The DevOps paradigm can be implemented through many different methodologies. The 2 most popular are: Scrum and Kanban.
Scrum
In essence, this is Scrum:
Everything that needs to be done is part of a product backlog. These tasks are then put into the Spring Backlog, and a spring is like a month long. Then anything blocking is reviewed daily for a "stand-up" meeting, and everything should be delivered incrementally with a view to the end of the spring. Then this process starts over again.
You're supposed to have certain roles to ensure this runs effectively: a product master to manage the product/spring backlog, a sprint master so that the Scrum is being followed.

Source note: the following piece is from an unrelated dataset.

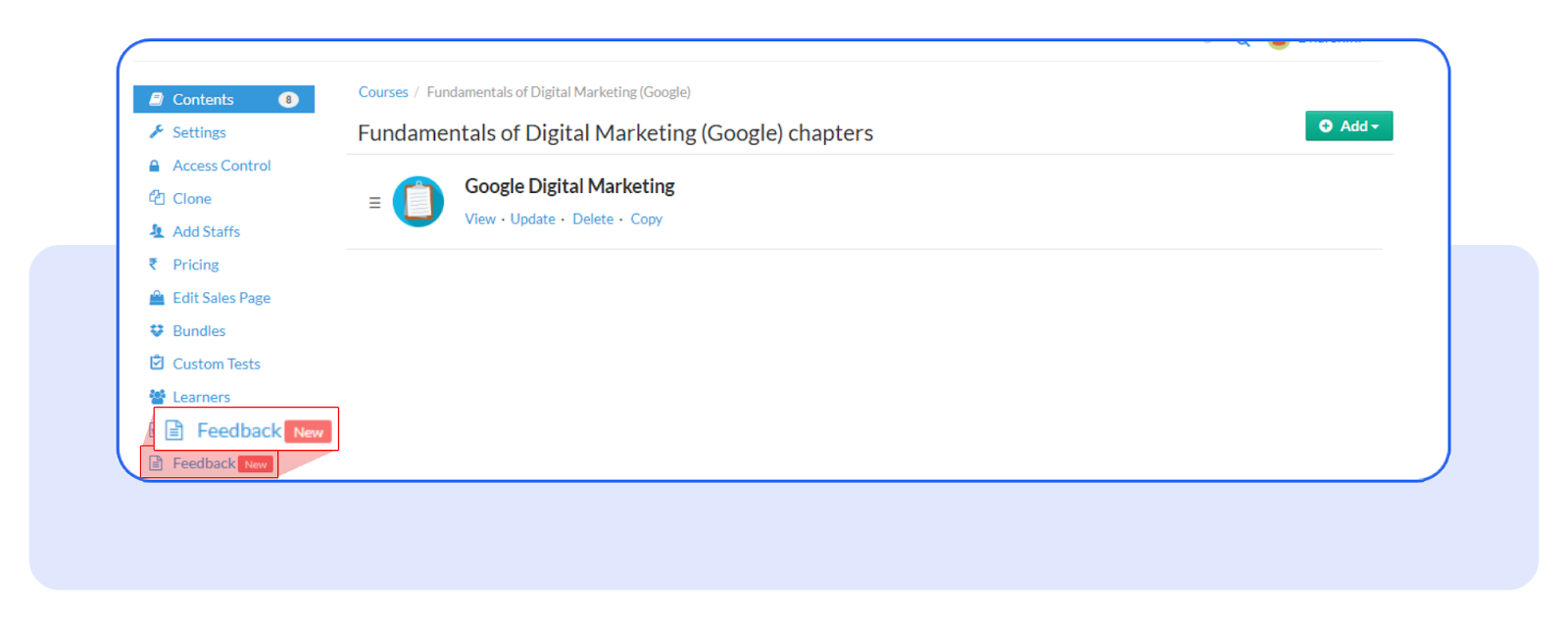 • From the admin panel, toggle the Feedback feature on for the course you want to collect feedback from.

Then the sprint backlogs are supposed to be estimated, people are supposed to take ownership of tasks, nothing is supposed to interrupt the sprint, stand-ups are supposed to be useful, multiple people are working on the same project, and tasks are done throughout the sprint so that "burn-down" and "velocity" can be shown in a chart.
In reality from my experiences nothing like that ever happens, there is a great potential for misuse of Scrum mandates, which are arguably out-of-date in today's world. Especially for a small project I would recommend implementing a Scrum-ban (hybrid, or Kanban methodology which is less restrictive, and has a greater allowance for testing in order to help ensure high code quality, instead of having such an importance of deliverables at the end of a sprint. In theory sprints are supposed to be a way for developers to be protected from immediate changes to requirements, but with the flexibility to make changes to your plans as you go along. But in reality a lot of time that doesn't happen that way, and development get interrupted, and medium/long-term vision of projects are not as highly regarded as they should be.
Kanban
It's a method for continuous improvement, that is you add things you want done to the "To Do" list, and prioritize them. Then when you're free, take a couple things to the "Doing" list. Set a conservative limit on how much work you can do at any one time. When they're done, but them across to another "Testing/Waiting" or "Done" list. When you've freed up a slot on the Done list, then pull something from the To Do list. If something bounces back into Doing from Testing, Waiting, or Done, then either move something back to To Do, repiroritise, or just carry on and deal with it, and only pull something new from To Do when you're free and back to a normal workflow. So it's supposed to be a way for "pulling" work instead of "pushing" work, e.g. work being pushed onto you constantly. Rather, you constantly pulling work onto yourself when you have the capacity to is much better. This way if things are taking too long, or if they are problems in the chain from To Do -> Done, then it should be quickly realised where bottlenecks are, and how to overcome them. This is something that Scrum normally fails at doing, what with its Sprints, Velocity, Poker Chips estimation, etc.